As I enjoy the cool summer morning, I smile at the healing that occurred for me this summer. I am also reminded that it is late summer. Though the heat may be upon us again, the worst is over. We are now in late summer. Fall is sending us love leaves to remind us of the colors we love in fall.

This was my second summer living full-time on Beech Mountain. One of the things that surprises me is that summer is my busy time. This summer I’ve been blessed to sing at various churches and preach at two different churches. The Rev. Tamara Franks has given me wonderful opportunities to be a part of High-Country United Church of Christ (UCC). Mary Silver gave me the chance to preach for Resort Area Ministry (R.A.M) in Linville. Being a part of R.A.M’s ministries reminds me of the joy I had as a college student being a singer for the ministry teams.

Resort Area Ministry’s ROVER Team. Melanie Stone and Robin Whitley 1981.


Resort Area Ministry has moved from the music teams to be teams of people from churches willing to pick up a hammer or paintbrush and make a difference to the elderly, poor, or disabled who live year-round in the areas surrounding the resorts. I will tell you more about them in a later blog.


This is more of a summarizing of the wonders of my summer. In the past, summer was my least favorite season. I liked school and though I may have been ready for a summer break, summer was too long and too hot. The summers here on Beech Mountain have been blissful and for the first time in my life, I’m going to be sad to see summer go. It’s mostly because I and the dogster won’t be able to sit on the porch and enjoy the outdoors. Whenever it’s not raining and I’m not at a gig, teaching, or preaching, I and Birdie are on the porch. This dog loves a sunbeam. She also likes to steal my chair. Oh well.

My dog, Birdie.

This summer was extra special to me because there have been miracles galore happening in my life. Some of it is simply because grief is losing its grip on me. Also, I’m more familiar with the area so that it feels more like home. On the way home from church the other day, my heart was so full also then, somehow I knew that I belong here. My home church is Holy Cross Episcopal in Valle Crucis. We have two wonderful priests, a fantastic choir director, and beautiful people who are welcoming and caring. These people have been an integral part of the healing of the grief I’ve dealt with the past two years from the loss of my marriage and my home in Sylva, NC.

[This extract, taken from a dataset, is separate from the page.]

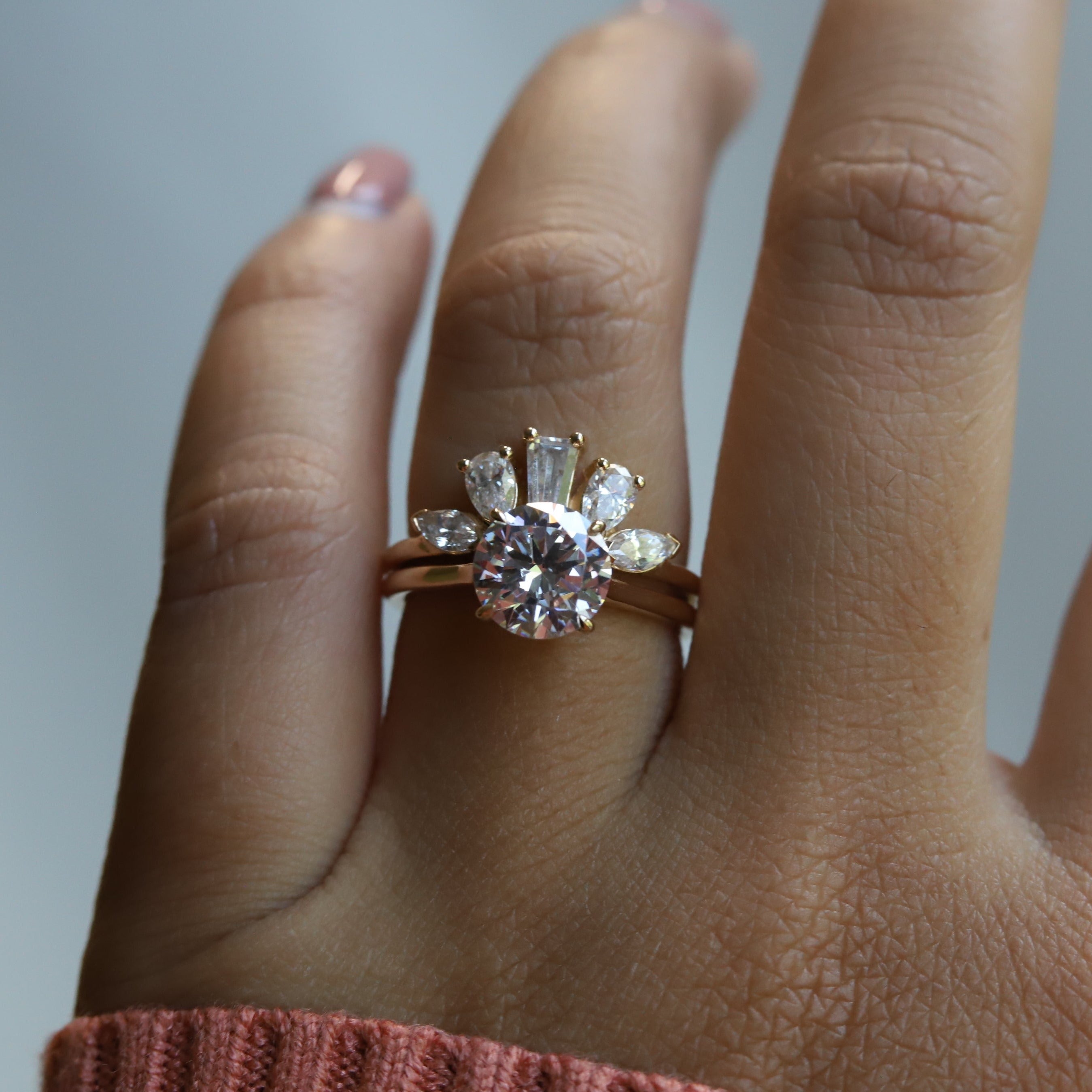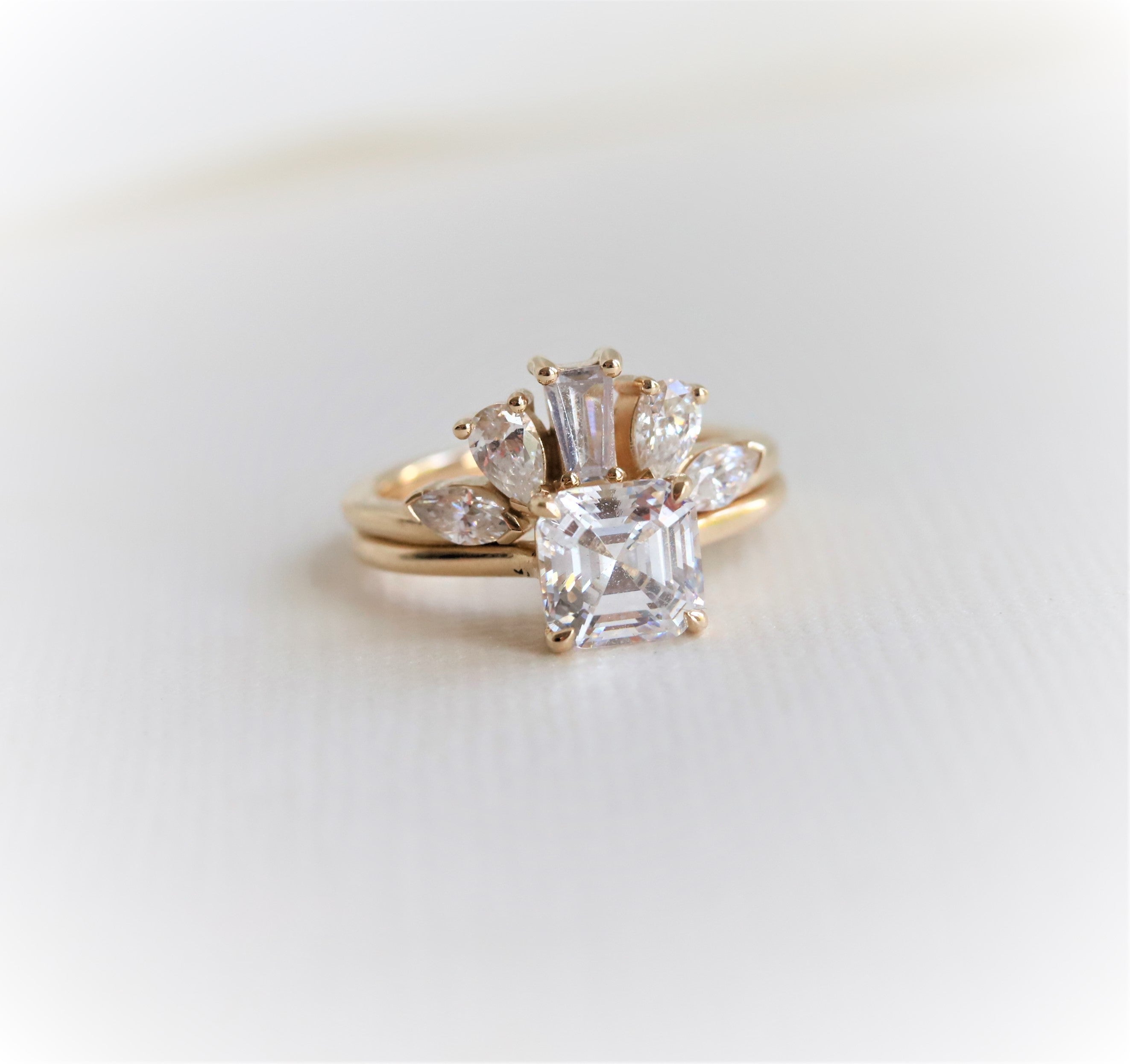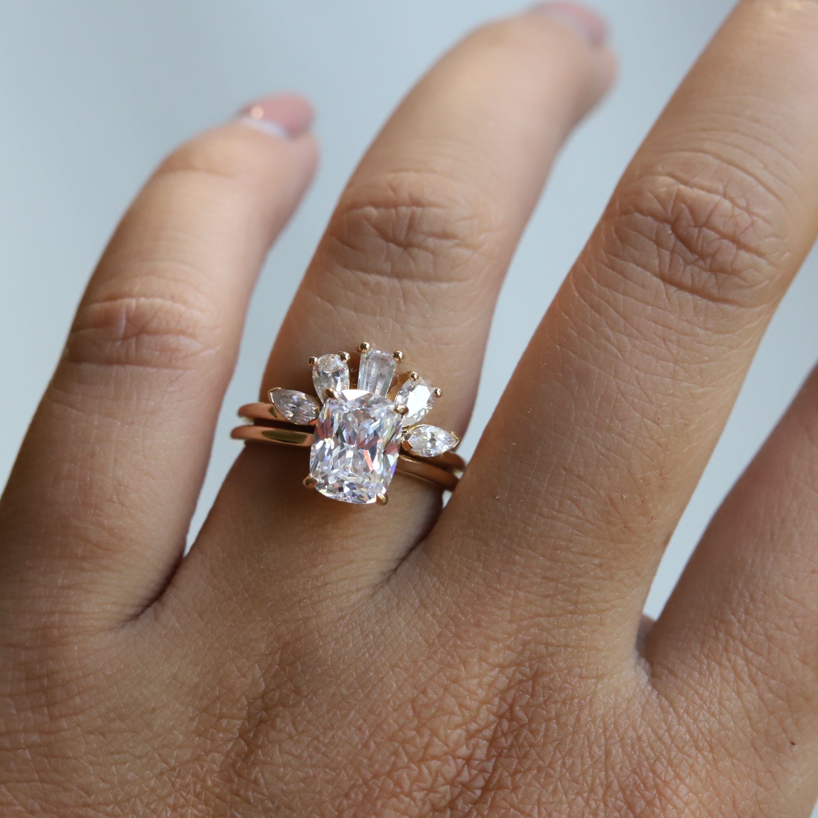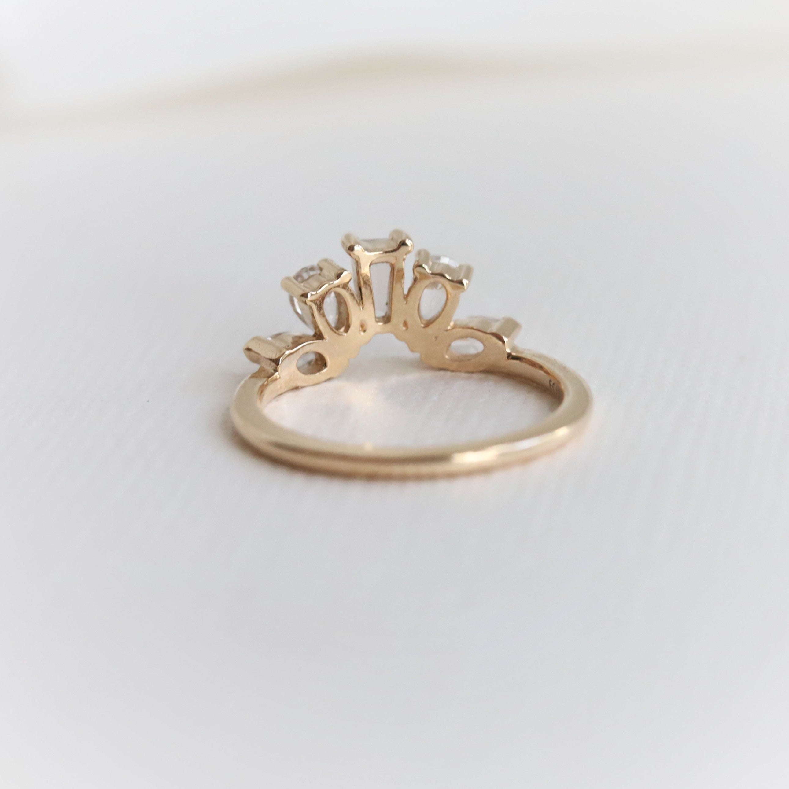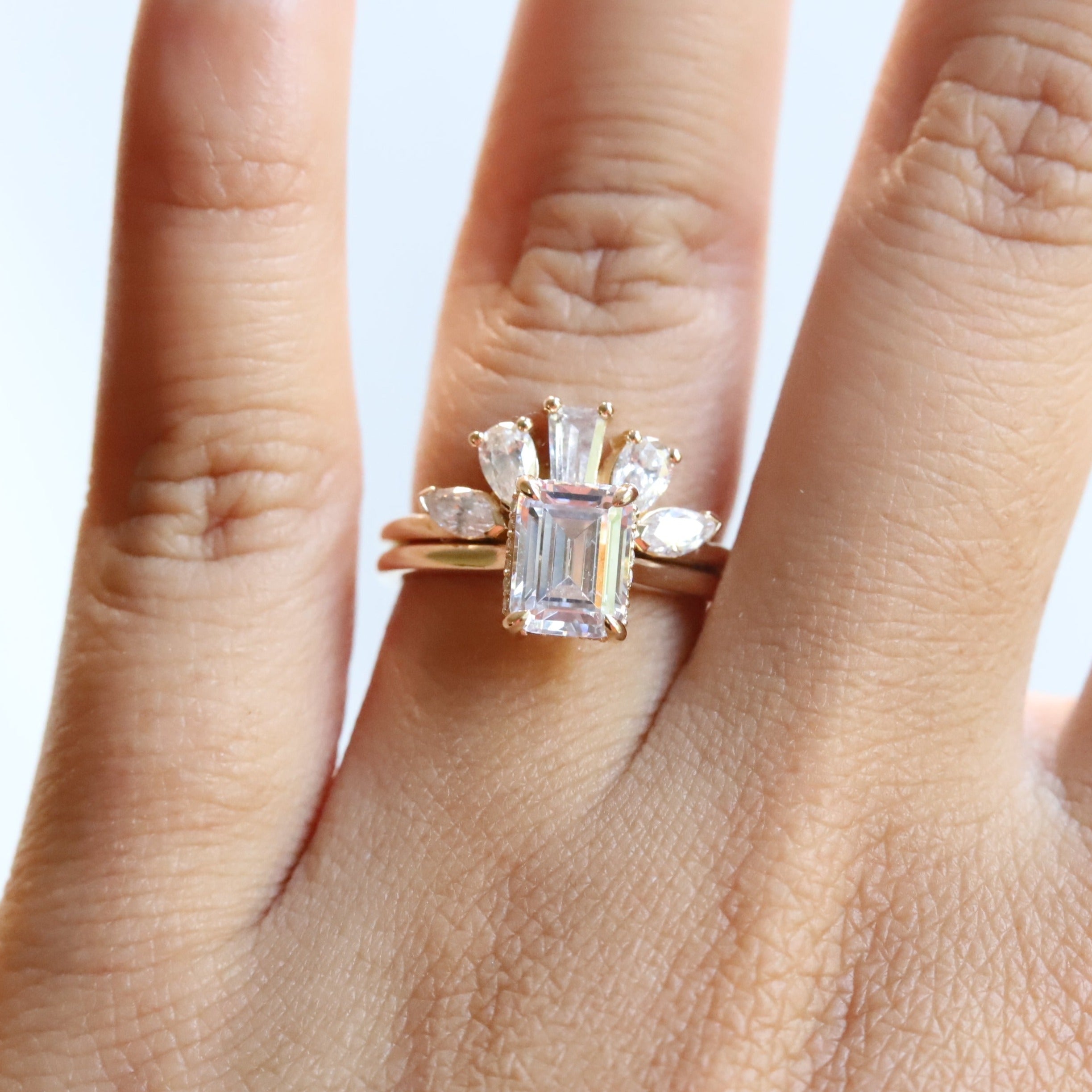 A statement contour band features pear, marquise, and tapered baguette shape stones. Pair it perfectly with a high-profile 1.5 ct+ engagement ring or our WYN Classic and Hidden Halo solitaire engagement rings.

The Rev. Tamara Franks has been part of the healing of my minister’s heart. From day one, she has treated me as a colleague in ministry. The work I’ve talked about with her and then been able to participate in with her has further healed the wound from when I lost my ministry because I came out to my bishop. My priests at Holy Cross have listened and aided in that healing as well. By Mary’s invitation to participate in the ministry of R.A.M., that healing has reached even further back into my life. Through these wonderful human angels of G-d, there is a thread of healing coursing through my life; my heart, mind, and soul. Words don’t do it justice, but I’m trying.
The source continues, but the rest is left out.